I have a list [5, 90, 23, 12, 34, 89] etc where every two values should be a (ranked) list in the dictionary.

So the list above would become {1: [5, 90], 2: [23, 12], 3: [34, 89]} etc. I've gotten close with list comprehension but haven't cracked it. I tried:

my_list = [5, 90, 23, 12, 34, 89]
my_dict = dict((i+1, [my_list[i], my_list[i+1]]) for i in xrange(0, len(my_list)/2))

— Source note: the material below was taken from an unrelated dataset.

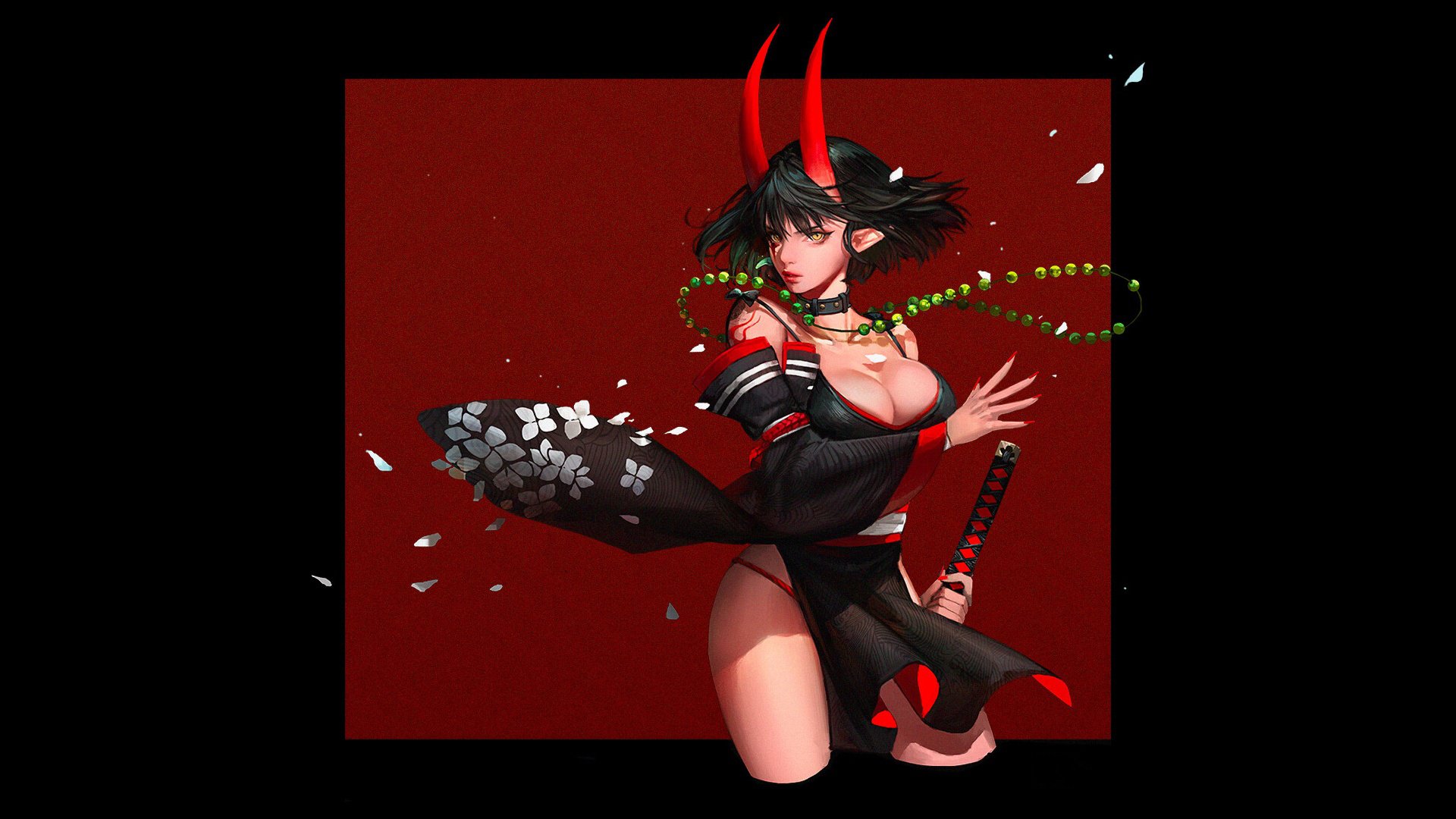Description: A woman dressed in a costume with horns and a sword in her hand.
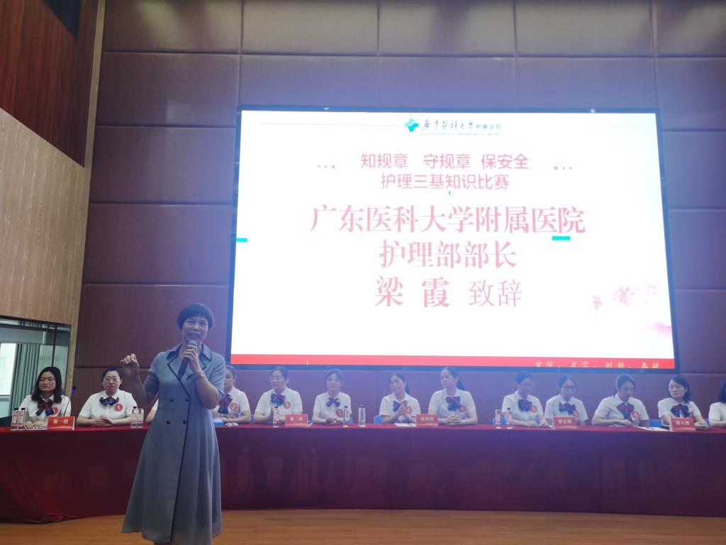 在活动开幕致辞中,护理部部长梁霞向所有嘉宾和选手表达了热烈的欢迎。她强调,护理工作是医疗体系中至关重要的一环,它直接关系到患者的健康与安全。在这个以人为本、质量为先的时代,我们必须深刻认识到,规章制度是保障患者安全、提升护理质量的基石。因此,我们倡导“知规章,守规章,保安全”的理念,希望通过此次竞赛活动,进一步增强护理人员的制度意识,提高遵循规章制度的自觉性与主动性,也预祝各位选手赛出风格,赛出水平,收获成长,取得好成绩!

Which works for the first key, but all following values are off by one index. How would you do this?

+6  A: 

You left a multiple of 2:

dict( (i+1, my_list[2*i : 2*i+2]) for i in xrange(0, len(my_list)/2) )
#                   ^

BTW, you could do this instead (with Python ≥2.6 or Python ≥3.0):

>>> it = iter(my_list)
>>> dict(enumerate(zip(it, it), start=1))
{1: (5, 90), 2: (23, 12), 3: (34, 89)}

(of course, remember to use itertools.izip instead of zip in Python 2.x)

KennyTM
Perfect, thank you. Is there an advantage to the iter approach?
Ian
IMHO, the second approach is more Pythonic, but suffers in readability when read by someone not familiar with Python. But it's still pretty cool.